Türkiye’nin başına büyük bir darbe yapma hazırlığı için; "bu vahşi" cinayeti organize etmişler…

Suudi hükümeti yani Kral ailesi, iktidarı ele geçirdikleri günden buyana gerçek kimliğini saklamıştır…

Ama bugün artık gerçek kişiliklerini ortaya koymuşlardır…

Hem de korkmadan.

Endişe bile duymadan.

Çünkü arkalarında duran patronları bellidir.

Yaşananlardan dolayı Suudi Arabistan hükümetine yani Kral ailesine "Müslümanlık" gözüyle bakılamaz.

Selman ve yönetimi İslam dünyasının başına püsküllü bir bela oldukları, son Kaşıkçı olayıyla kendilerini ele verdiler…

***

Prof.

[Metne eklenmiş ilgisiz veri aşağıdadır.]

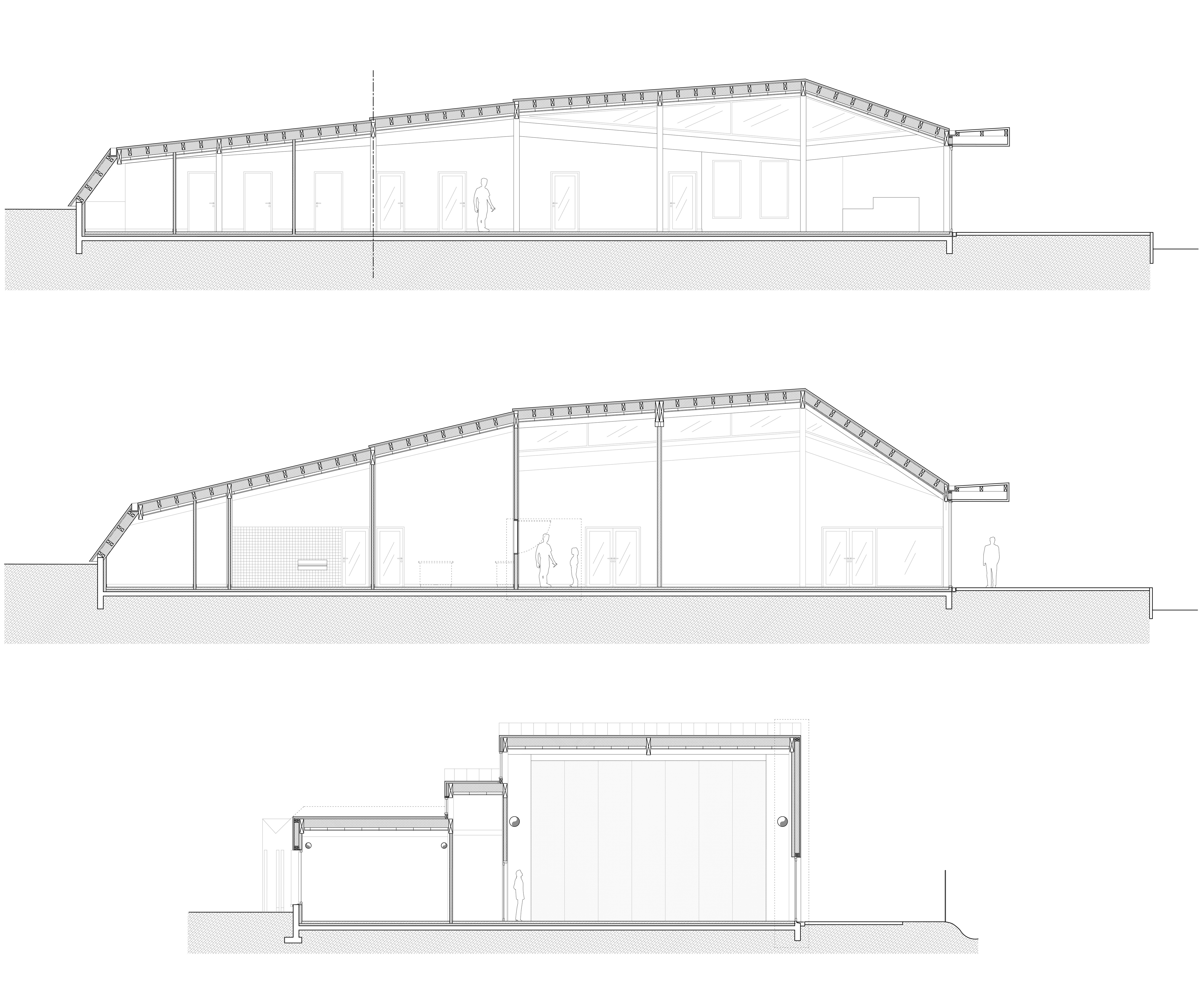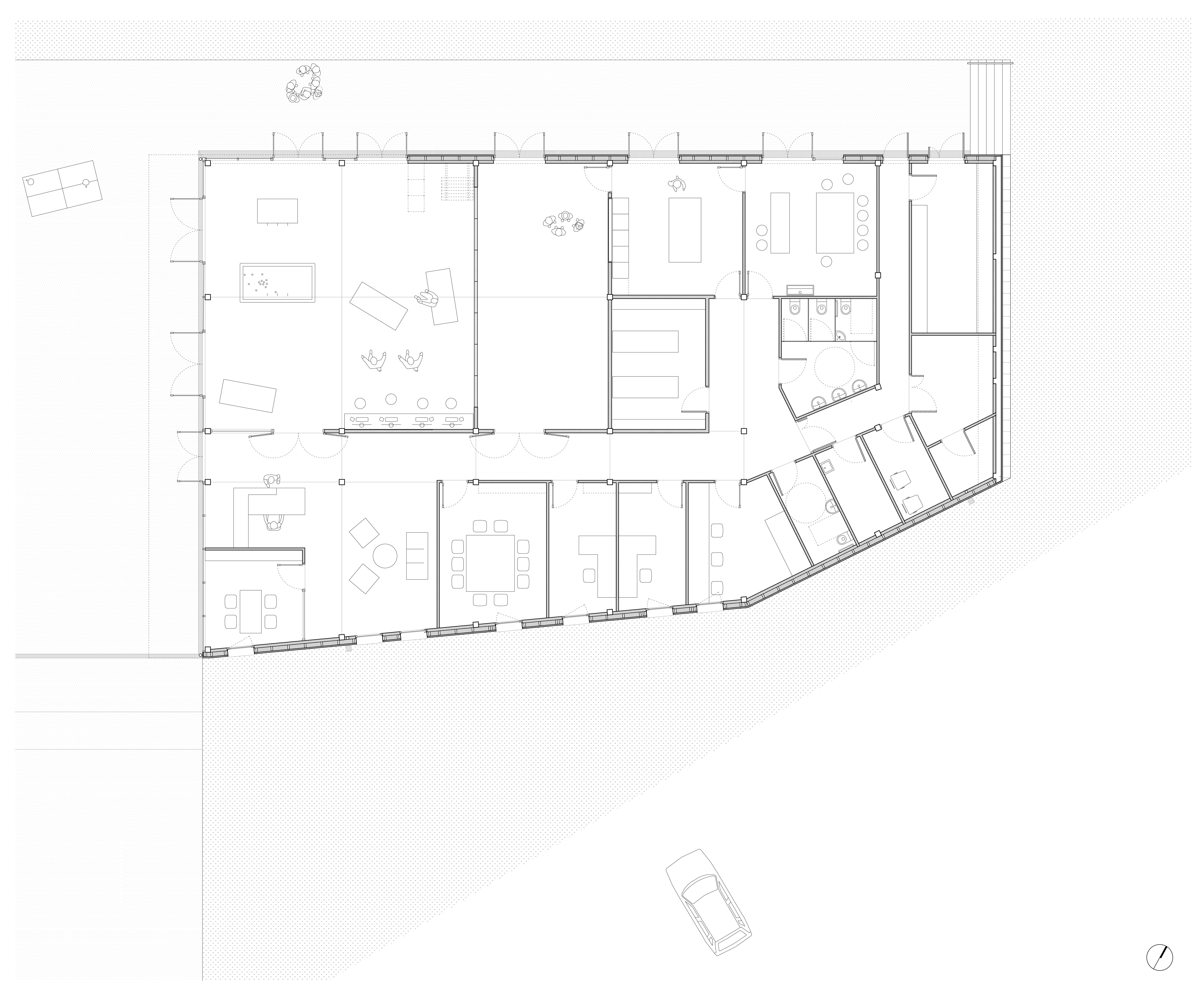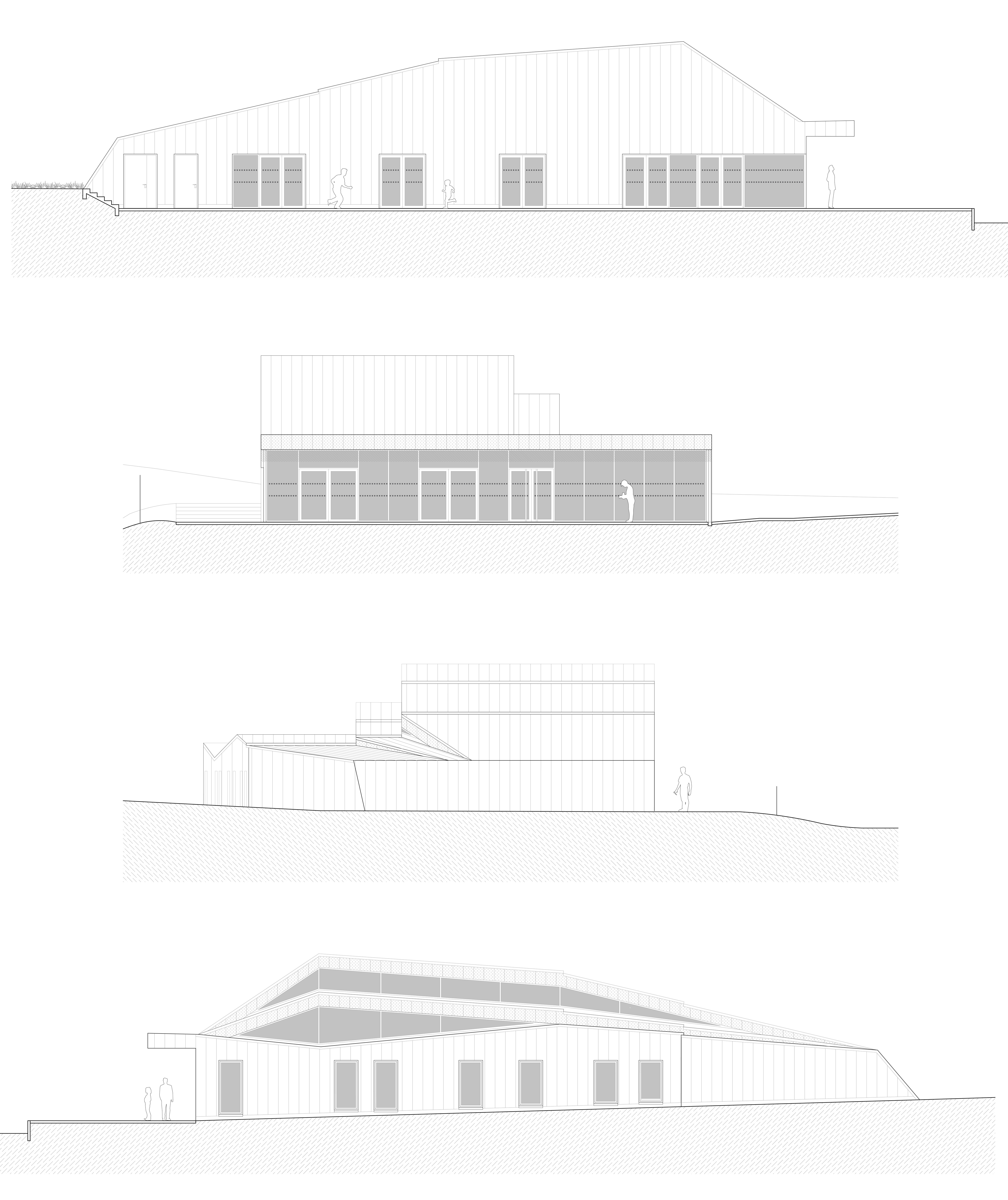 Pour répondre à la multiplicité des activités de l’espace jeune, nous avons choisi de travailler une structure de toiture créant des espaces variés à l’image d’un paysage avec une organisation créant une circulation centrale généreuse et fluide. Le hall et la salle d’accueil sont orientés Sud-Ouest pour amener luminosité et chaleur. Ils s’ouvrent vers le skate-park, les terrains de sport et profitent de la vue. La circulation centrale prolonge le hall et dessert à l’ouest les salles pour le public avec une belle hauteur sous plafond et à l’Est les bureaux avec une plus faible hauteur.

Dr. Yasin Aktay’ın dün basında yer alan ve bütün dünya kamuoyuna yaptığı açıklamaları, Kaşıkçı olayının sıradan bir olay olmadığını, bir kez daha gösterdi…

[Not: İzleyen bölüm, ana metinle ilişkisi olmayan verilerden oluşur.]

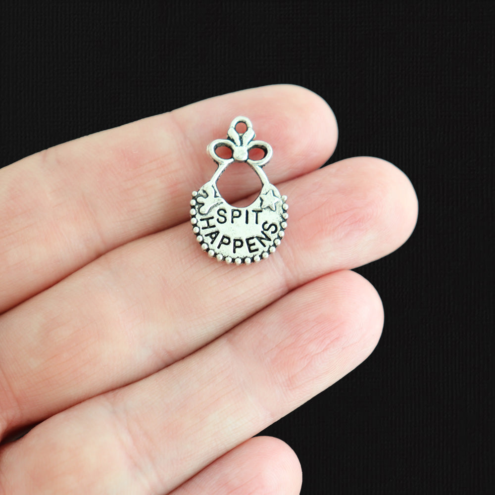 "Spit happens" baby bib antique silver tone charms, in a zinc alloy metal.
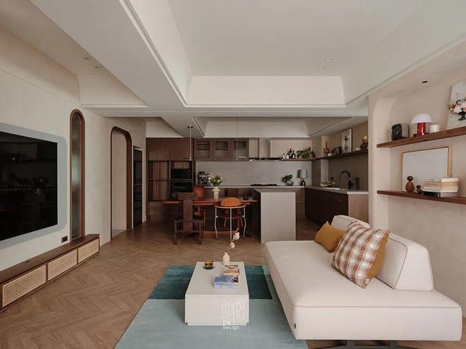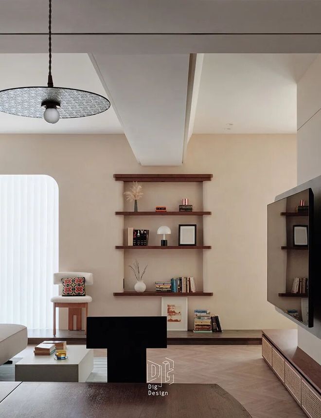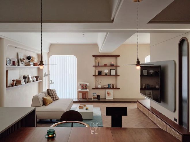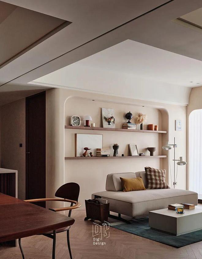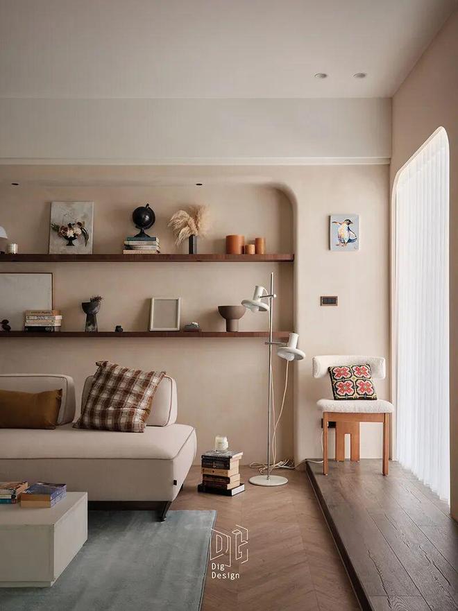 沙发背墙以壁龕样式,与侧边落地窗互为烘托

Biz zaten olayın vuku bulduğu günden itibaren, bu gerçeği tüm kamuoyuyla paylaştık ve paylaşmaya da devam ediyoruz.

Bu olay gerçekten sıradan bir olay değildir.

Suudi Arabistan hükümeti; İsrail adına, Trump adına ve ABD’deki Yahudi lobisinin nam-ı hesabına çalışan, "İslam" libasını giymiş, kefere bir düşünceye hakimdir…

***

Yüce İslam dini Kur’an’dan fışkıran bir dindir...

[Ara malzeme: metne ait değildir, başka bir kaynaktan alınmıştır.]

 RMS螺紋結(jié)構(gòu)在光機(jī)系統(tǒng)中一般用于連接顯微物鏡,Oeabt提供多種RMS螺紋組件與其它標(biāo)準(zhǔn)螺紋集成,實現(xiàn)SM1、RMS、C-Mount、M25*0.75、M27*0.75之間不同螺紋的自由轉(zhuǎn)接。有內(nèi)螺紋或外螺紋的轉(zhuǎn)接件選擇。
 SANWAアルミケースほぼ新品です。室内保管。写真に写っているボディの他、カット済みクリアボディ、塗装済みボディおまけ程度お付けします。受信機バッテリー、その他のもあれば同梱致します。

Bu dinin mübini, İslam’ın kaynağı Kur’an’ı Kerim’dir ve Hz Muhammed (S.A.V) dir.

Bunlar yıllardan beri o yüce İslam dininin "neşv-ü nemasından" yani Müslümanların "ihlaslı, samimi hac ve umre yapmalarından" kazandıkları sermaye ile büyük bir kapital, güç ve sermaye elde etmişlerdir.

Bu kapitali kendileri yalnız yiyemiyorlar.

Haçlı ve Siyonist patronları ile bölüştürüyorlar.

Müslümanlık kisvesi altında "münafıklık kimliğini" gizlemeye çalışmışlarsa da; artık ele vermişlerdir…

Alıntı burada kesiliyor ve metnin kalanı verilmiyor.